* Task to complete
Pictures stay out of the copy. Retype exactly the lines below from the one with "Inside, you're welcomed" through the one with "كما ينبغي على".

(Items listed in a dataset)
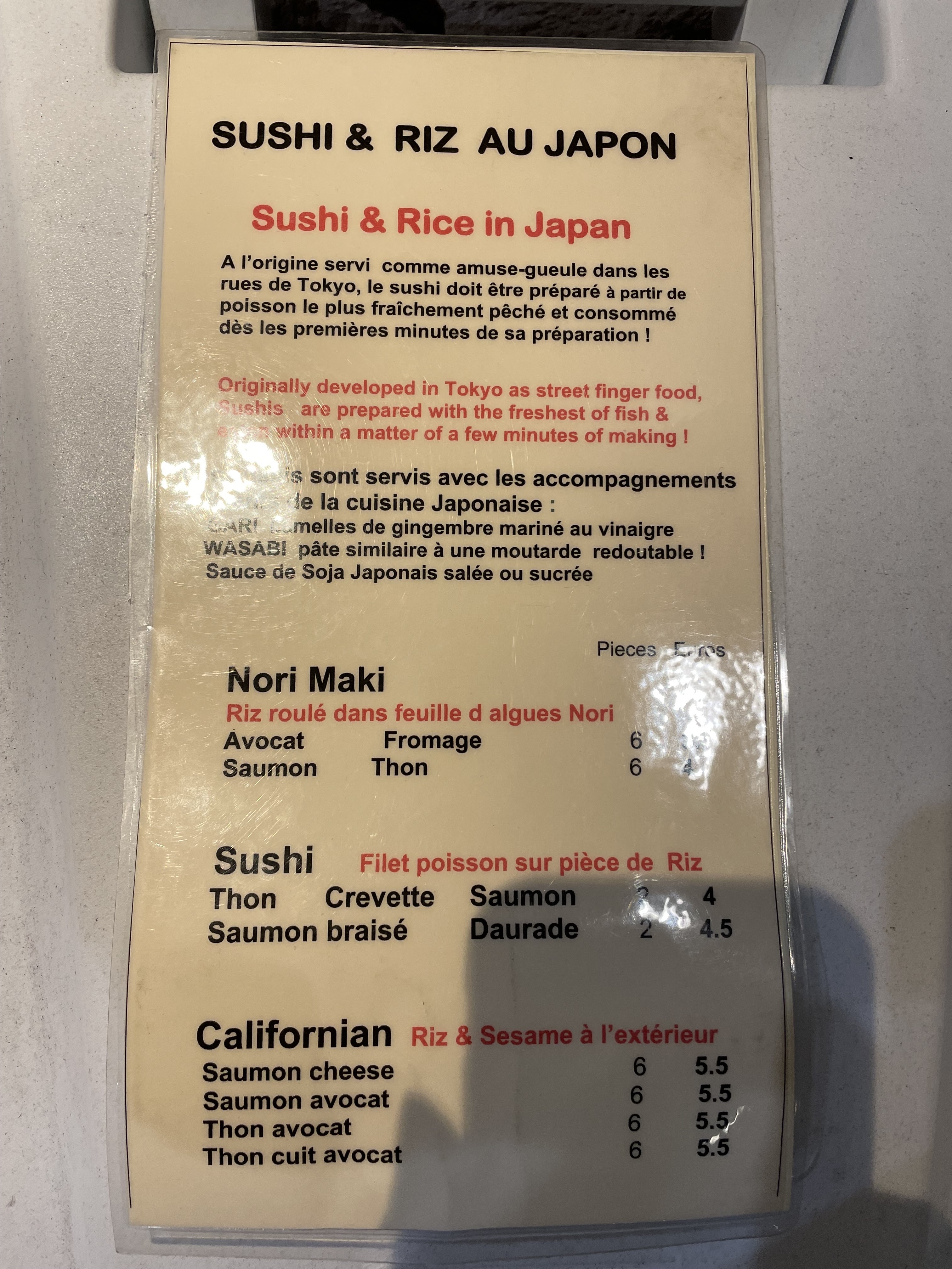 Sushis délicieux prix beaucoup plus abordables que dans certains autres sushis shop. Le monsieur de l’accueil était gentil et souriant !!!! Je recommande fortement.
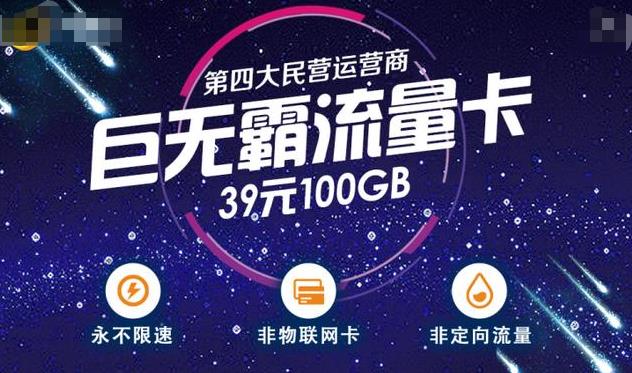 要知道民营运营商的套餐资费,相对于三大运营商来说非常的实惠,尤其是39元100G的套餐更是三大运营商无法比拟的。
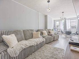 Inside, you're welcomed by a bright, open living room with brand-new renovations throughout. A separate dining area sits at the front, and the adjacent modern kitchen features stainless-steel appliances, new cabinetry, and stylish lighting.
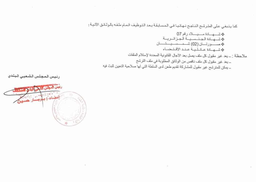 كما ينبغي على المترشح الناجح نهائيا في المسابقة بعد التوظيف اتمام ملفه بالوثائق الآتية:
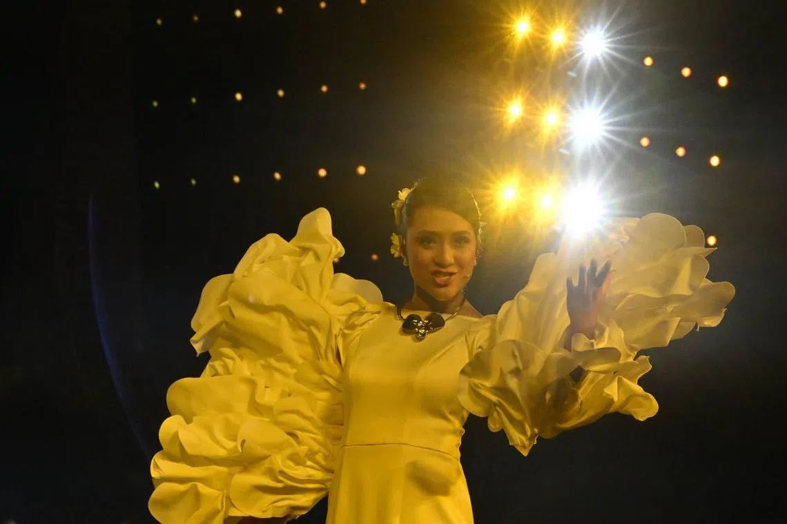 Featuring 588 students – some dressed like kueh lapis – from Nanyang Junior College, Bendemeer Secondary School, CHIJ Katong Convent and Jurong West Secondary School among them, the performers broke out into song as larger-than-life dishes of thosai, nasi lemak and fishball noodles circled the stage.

* Solution
 Inside, you're welcomed by a bright, open living room with brand-new renovations throughout. A separate dining area sits at the front, and the adjacent modern kitchen features stainless-steel appliances, new cabinetry, and stylish lighting.
 كما ينبغي على المترشح الناجح نهائيا في المسابقة بعد التوظيف اتمام ملفه بالوثائق الآتية:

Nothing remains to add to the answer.